=== What to work on ===
The pictures get left out, but everything else in the listing below must be duplicated exactly.
BEGIN Entries provided
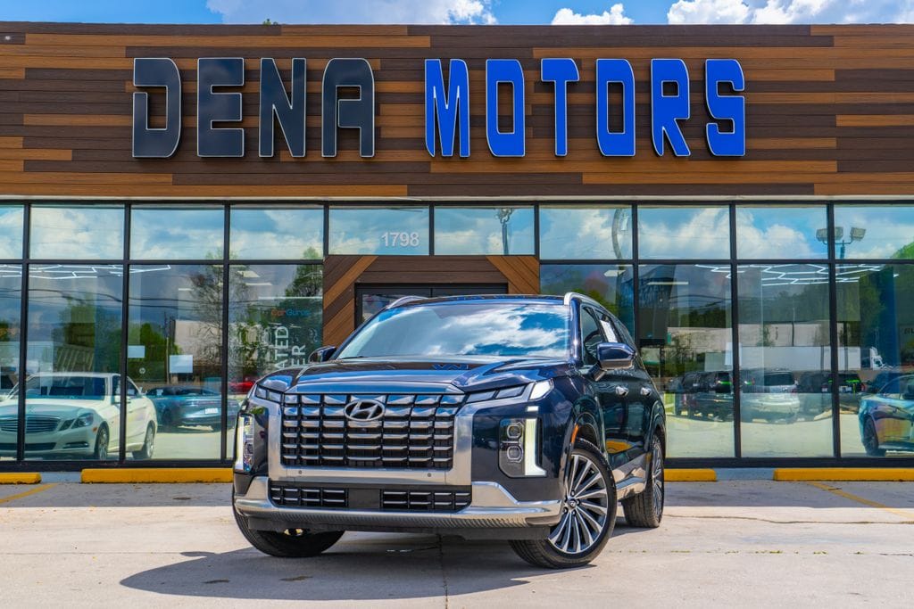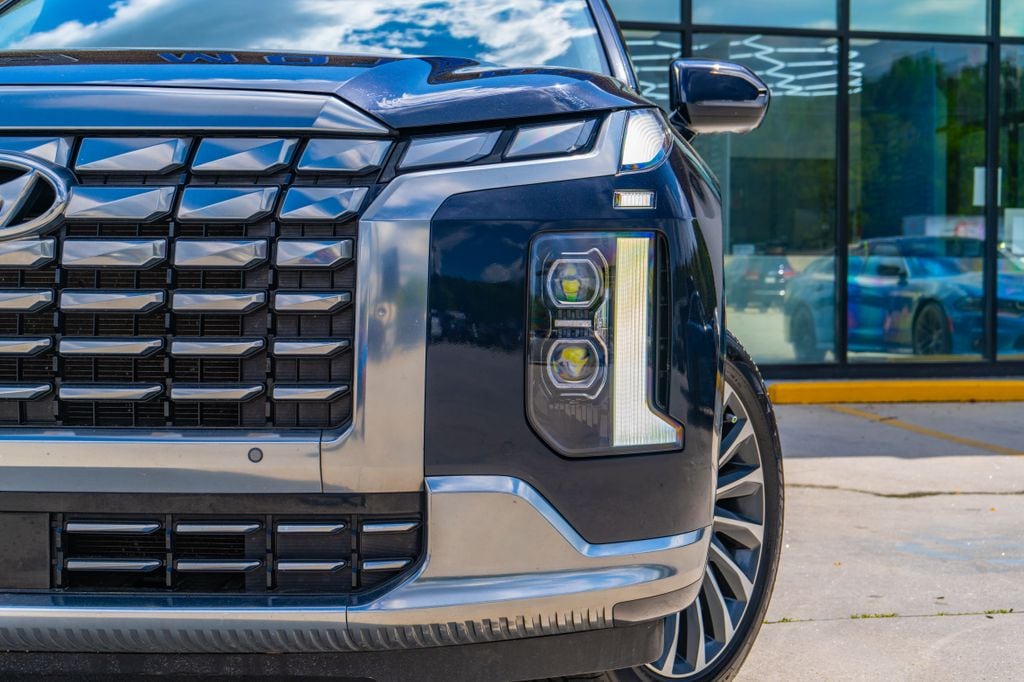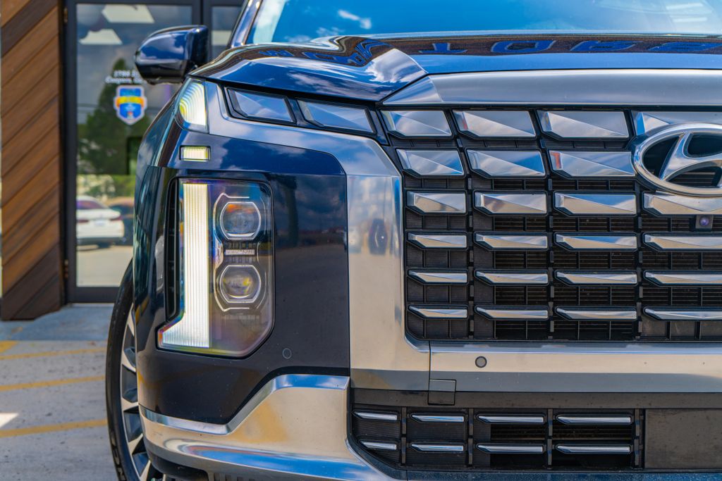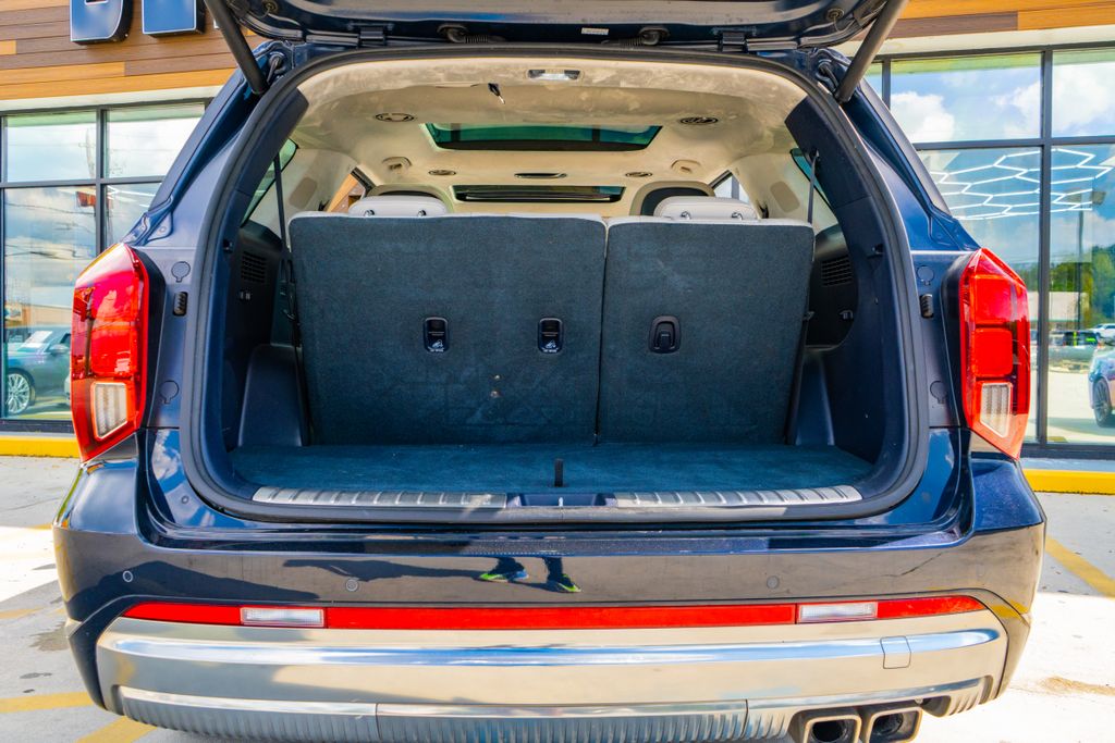 This vehicle comes equipped with Option Group 01, 12 Speakers, 3.510 Axle Ratio, 3rd row seats: split-bench, 4-Wheel Disc Brakes, ABS brakes, Air Conditioning, Alloy wheels, AM/FM radio: SiriusXM, Apple CarPlay & Android Auto, Auto High-beam Headlights, Auto-dimming door mirrors, Auto-dimming Rear-View mirror, Auto-leveling suspension, Automatic temperature control, Brake assist, Bumpers: body-color, Compass, Delay-off headlights, Driver door bin, Driver vanity mirror, Dual front impact airbags, Dual front side impact airbags, Electronic Stability Control, Emergency communication system: Blue Link Connected Car Service (3-year complimentary subscription), Exterior Parking Camera Rear, Four wheel independent suspension, Front anti-roll bar, Front Bucket Seats, Front Center Armrest, Front dual zone A/C, Front reading lights, Fully automatic headlights, Garage door transmitter: HomeLink, harman/kardon® Speakers, Heads-Up Display, Heated & Ventilated Front Bucket Seats, Heated door mirrors, Heated front seats, Heated rear seats, Heated steering wheel, Illuminated entry, Knee airbag, Low tire pressure warning, Memory seat, Navigation System, Occupant sensing airbag, Outside temperature display, Overhead airbag, Overhead console, Panic alarm, Passenger door bin, Passenger vanity mirror, Power door mirrors, Power driver seat, Power Liftgate, Power moonroof, Power passenger seat, Power steering, Power windows, Premium Nappa Leather Seat Trim, Radio data system, Radio: AM/FM/MP3 Premium Audio System, Rain sensing wipers, Rear air conditioning, Rear anti-roll bar, Rear audio controls, Rear reading lights, Rear side impact airbag, Rear window defroster, Rear window wiper, Reclining 3rd row seat, Remote keyless entry, Security system, Speed control, Speed-sensing steering, Split folding rear seat, Spoiler, Steering wheel mounted audio controls, Tachometer, Telescoping steering wheel, Tilt steering wheel, Traction control, Trip computer, Turn signal indicator mirrors, Variably intermittent wipers, Ventilated front seats, Ventilated rear seats, and Wheels: 20" x 7.5J Calligraphy Exclusive Alloy .
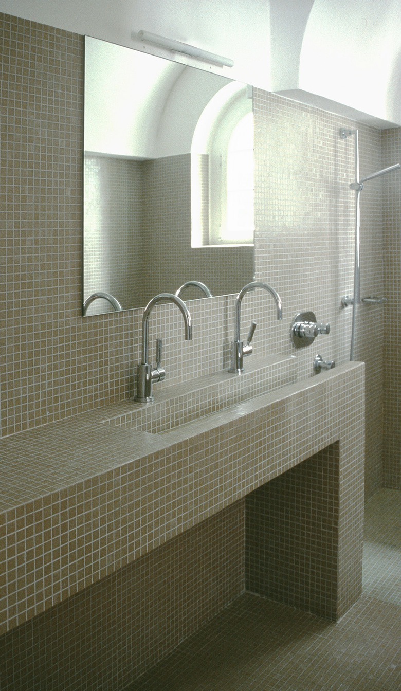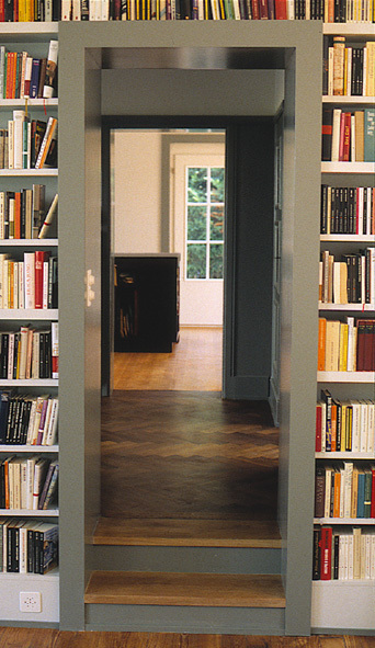 Der vorgefundene Charakter des Hauses ist sehr präsent und umfassend. Bei den baulichen Eingriffen, die nicht sämtliche Räume des Gebäudes betreffen, wird versucht vorhandene architektonische Themen zu übernehmen und neu zu formulieren.
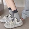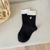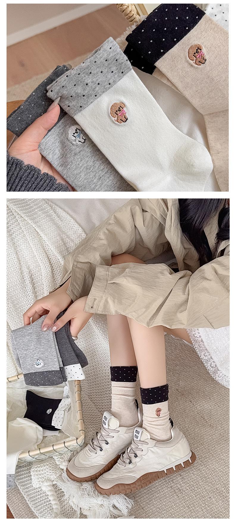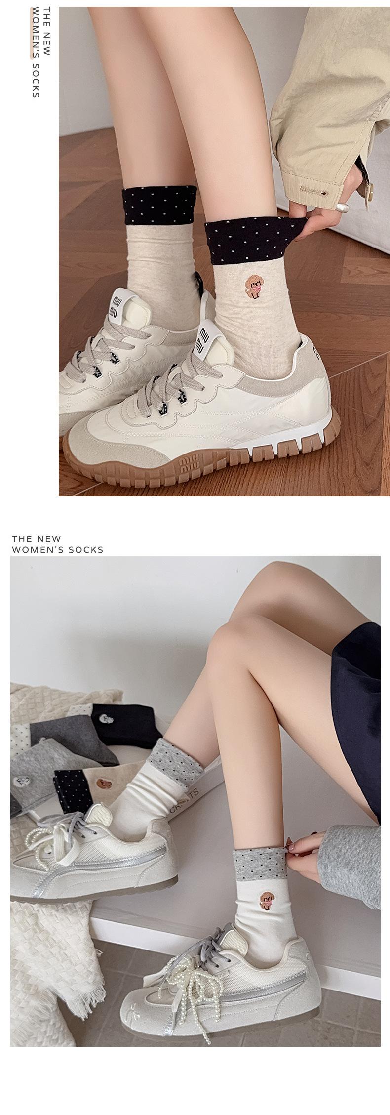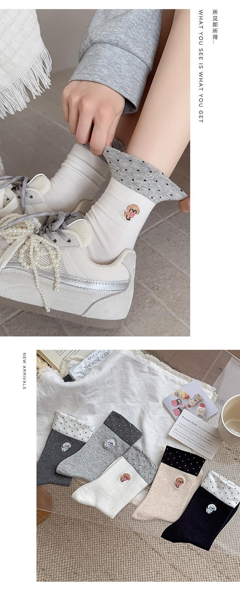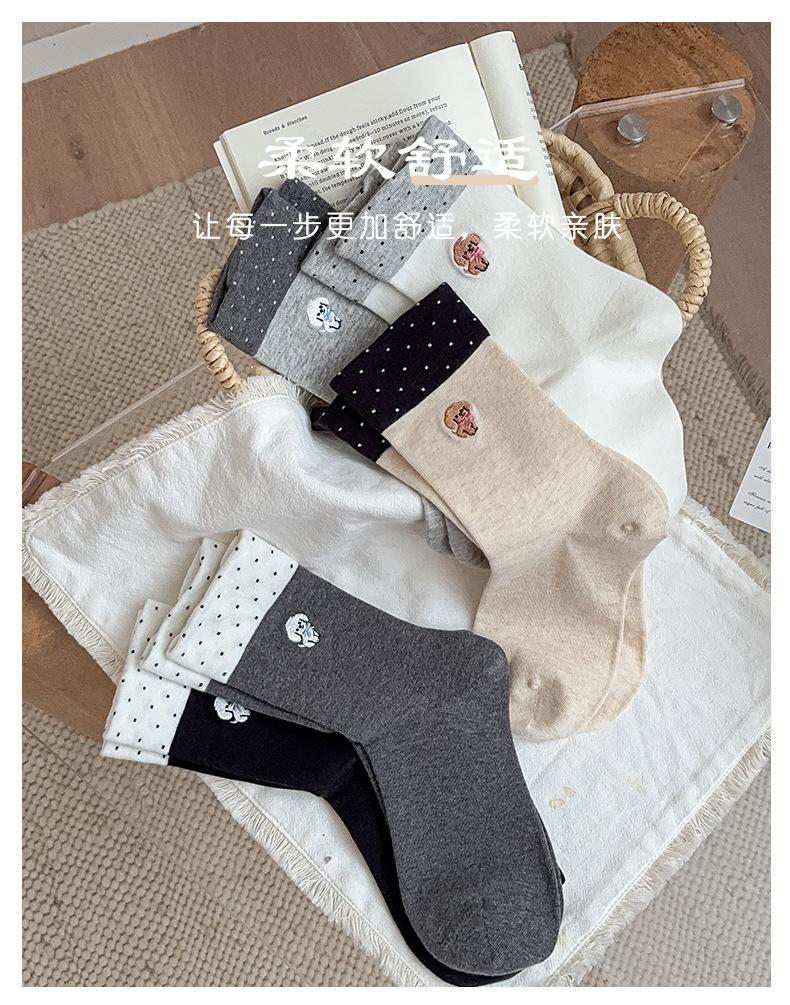 Calcetines de Media Caña para Mujer Corazón Bordado Color Sólido Algodón Peinado Calcetines para Mujer Simples Cómodos Transpirables Sin Ajuste Recogidos
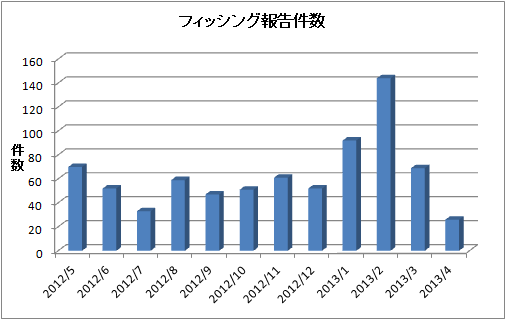 2013年4月度におけるフィッシング対策協議会に寄せられたフィッシング報告件数(海外含む)は前月度より43件減少し、26件となりました。
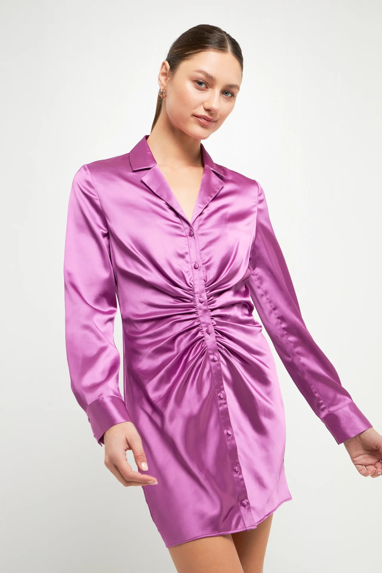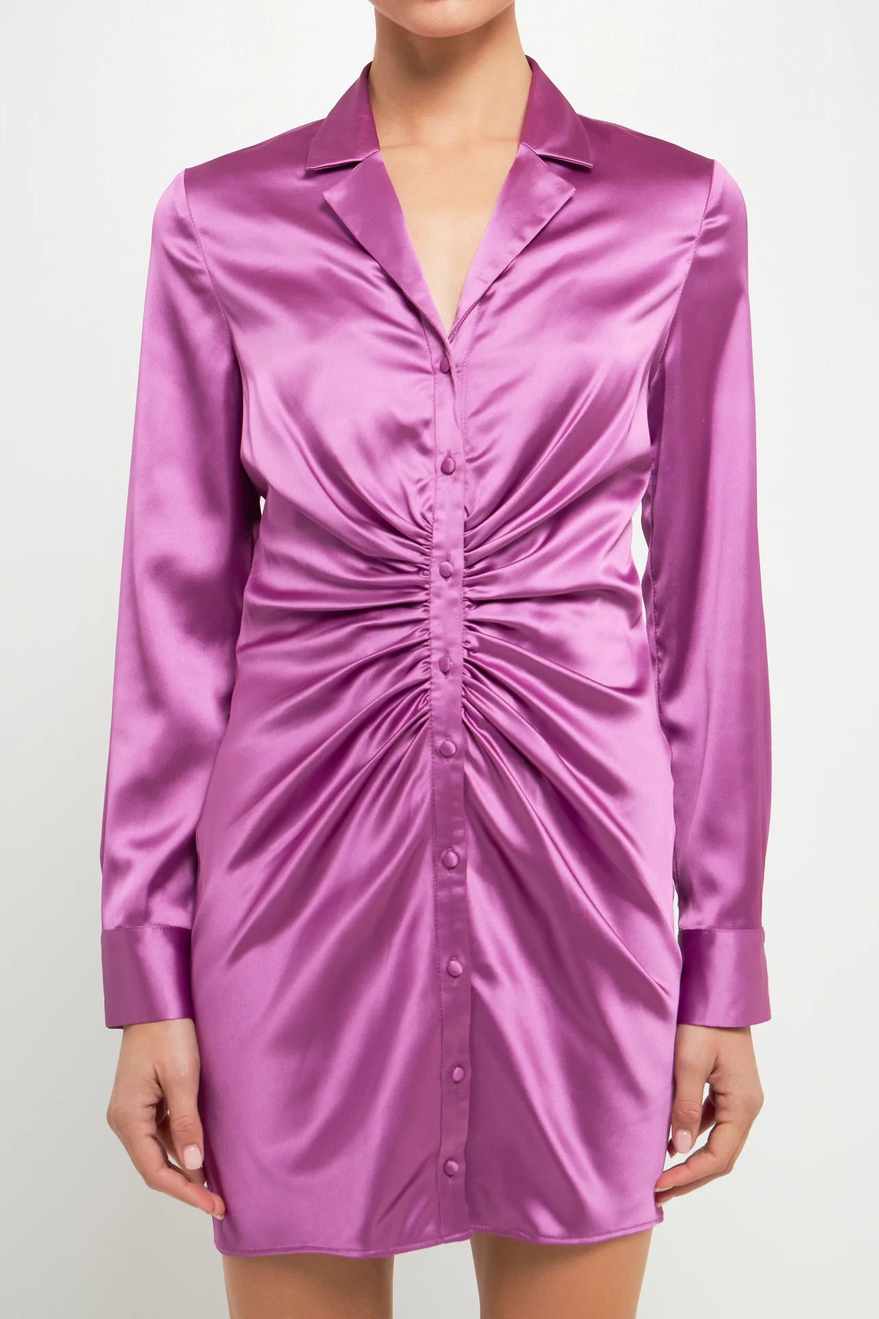 Endless Rose Women’s Dresses Satin Ruched Long-sleeve Mini Dress | Grape
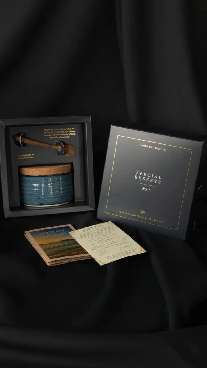 Each luscious crystal of multi-award winning Opito Bay sea salt has been carefully crafted through the combination of our three key ingredients sunshine + patience + love. After hand gathering pure sea water from one of Coromandel’s iconic beaches, the pristine Opito Bay. We filter and carefully solar evaporate our salt to create big, translucent crystals which bring out the coast’s unique minerality.
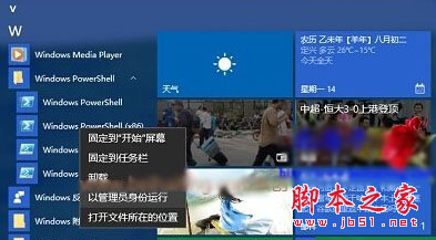 1、点开开始菜单,接着点击所有程序,找到并点开PowerShell,右键单击,选择“以管理员运行”。
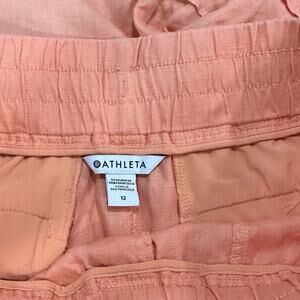 Athleta Cabo Linen 4" Shorts Pull on Drawstring Cactus Peach Coral size 12
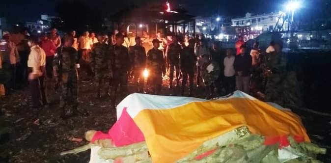बागेश्वर। ललितपुर रेलवे स्टेशन के पास बरामद हुए बंगाल इंजीनियरिंग के सूबेदार की सैन्य सम्मान के साथ अंत्येष्टि कर दी गई है। बेंगलुरू से घर लौटते समय वह ट्रेन से लापता हो गए थे। बुधवार को उनका शव बरामद हुआ था। बृहस्पतिवार की रात को सरयू-गोमती के संगम पर उनका अंतिम संस्कार किया गया।
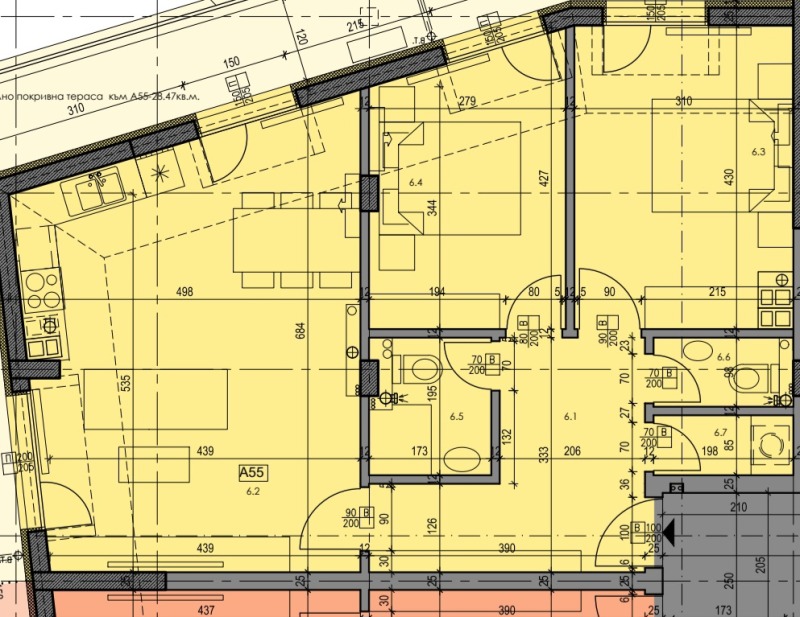 Предлагаме за продажба непреходен двустаен апартамент в нова бутикова сграда в кв. Дружба 1, ул. 5037 в строеж. Чудесна локация в близост до спирки на градски транспорт и метростанция. Апартаментите ще бъдат завършени на мазилка и подова замазка, входна блиндирана врата, монтирани ключове/контакти, луксозни общи части. Разполагаме с двустайни и тристайни апартаменти и подземни и наземни паркоместа. Апартамент А55 се намира на седми етаж в тухлена сграда с ТЕЦ, площ от 124,02 кв.м. и 80,40 кв.м застроена площ и ПАНОРАМНА ТЕРАСА ОТ 28,47 кв.м, общи части -15,15кв.м Разпределение: антре, дневна с кухня, две спални, баня с тоалетна, тоалетна, килер и ТЕРАСА 28,47 кв.м. Изложение: запад-северозапад В близост до 13 ОДЗ Калинка (между блок 85 и блок 88) и 108 СУ Никола Беловеждов -Иновативно училище по предприемачество и бизнес Формат Строй ООД e доказан строител с богат опит. Ние гарантираме качествено строителство на отлични цени!
END Entries provided
=== Exercise response ===
 This vehicle comes equipped with Option Group 01, 12 Speakers, 3.510 Axle Ratio, 3rd row seats: split-bench, 4-Wheel Disc Brakes, ABS brakes, Air Conditioning, Alloy wheels, AM/FM radio: SiriusXM, Apple CarPlay & Android Auto, Auto High-beam Headlights, Auto-dimming door mirrors, Auto-dimming Rear-View mirror, Auto-leveling suspension, Automatic temperature control, Brake assist, Bumpers: body-color, Compass, Delay-off headlights, Driver door bin, Driver vanity mirror, Dual front impact airbags, Dual front side impact airbags, Electronic Stability Control, Emergency communication system: Blue Link Connected Car Service (3-year complimentary subscription), Exterior Parking Camera Rear, Four wheel independent suspension, Front anti-roll bar, Front Bucket Seats, Front Center Armrest, Front dual zone A/C, Front reading lights, Fully automatic headlights, Garage door transmitter: HomeLink, harman/kardon® Speakers, Heads-Up Display, Heated & Ventilated Front Bucket Seats, Heated door mirrors, Heated front seats, Heated rear seats, Heated steering wheel, Illuminated entry, Knee airbag, Low tire pressure warning, Memory seat, Navigation System, Occupant sensing airbag, Outside temperature display, Overhead airbag, Overhead console, Panic alarm, Passenger door bin, Passenger vanity mirror, Power door mirrors, Power driver seat, Power Liftgate, Power moonroof, Power passenger seat, Power steering, Power windows, Premium Nappa Leather Seat Trim, Radio data system, Radio: AM/FM/MP3 Premium Audio System, Rain sensing wipers, Rear air conditioning, Rear anti-roll bar, Rear audio controls, Rear reading lights, Rear side impact airbag, Rear window defroster, Rear window wiper, Reclining 3rd row seat, Remote keyless entry, Security system, Speed control, Speed-sensing steering, Split folding rear seat, Spoiler, Steering wheel mounted audio controls, Tachometer, Telescoping steering wheel, Tilt steering wheel, Traction control, Trip computer, Turn signal indicator mirrors, Variably intermittent wipers, Ventilated front seats, Ventilated rear seats, and Wheels: 20" x 7.5J Calligraphy Exclusive Alloy .
 Der vorgefundene Charakter des Hauses ist sehr präsent und umfassend. Bei den baulichen Eingriffen, die nicht sämtliche Räume des Gebäudes betreffen, wird versucht vorhandene architektonische Themen zu übernehmen und neu zu formulieren.
 Calcetines de Media Caña para Mujer Corazón Bordado Color Sólido Algodón Peinado Calcetines para Mujer Simples Cómodos Transpirables Sin Ajuste Recogidos
 2013年4月度におけるフィッシング対策協議会に寄せられたフィッシング報告件数(海外含む)は前月度より43件減少し、26件となりました。
 Endless Rose Women’s Dresses Satin Ruched Long-sleeve Mini Dress | Grape
 Each luscious crystal of multi-award winning Opito Bay sea salt has been carefully crafted through the combination of our three key ingredients sunshine + patience + love. After hand gathering pure sea water from one of Coromandel’s iconic beaches, the pristine Opito Bay. We filter and carefully solar evaporate our salt to create big, translucent crystals which bring out the coast’s unique minerality.
 1、点开开始菜单,接着点击所有程序,找到并点开PowerShell,右键单击,选择“以管理员运行”。
 Athleta Cabo Linen 4" Shorts Pull on Drawstring Cactus Peach Coral size 12
बागेश्वर। ललितपुर रेलवे स्टेशन के पास बरामद हुए बंगाल इंजीनियरिंग के सूबेदार की सैन्य सम्मान के साथ अंत्येष्टि कर दी गई है। बेंगलुरू से घर लौटते समय वह ट्रेन से लापता हो गए थे। बुधवार को उनका शव बरामद हुआ था। बृहस्पतिवार की रात को सरयू-गोमती के संगम पर उनका अंतिम संस्कार किया गया।
 Предлагаме за продажба непреходен двустаен апартамент в нова бутикова сграда в кв. Дружба 1, ул. 5037 в строеж. Чудесна локация в близост до спирки на градски транспорт и метростанция. Апартаментите ще бъдат завършени на мазилка и подова замазка, входна блиндирана врата, монтирани ключове/контакти, луксозни общи части. Разполагаме с двустайни и тристайни апартаменти и подземни и наземни паркоместа. Апартамент А55 се намира на седми етаж в тухлена сграда с ТЕЦ, площ от 124,02 кв.м. и 80,40 кв.м застроена площ и ПАНОРАМНА ТЕРАСА ОТ 28,47 кв.м, общи части -15,15кв.м Разпределение: антре, дневна с кухня, две спални, баня с тоалетна, тоалетна, килер и ТЕРАСА 28,47 кв.м. Изложение: запад-северозапад В близост до 13 ОДЗ Калинка (между блок 85 и блок 88) и 108 СУ Никола Беловеждов -Иновативно училище по предприемачество и бизнес Формат Строй ООД e доказан строител с богат опит. Ние гарантираме качествено строителство на отлични цени!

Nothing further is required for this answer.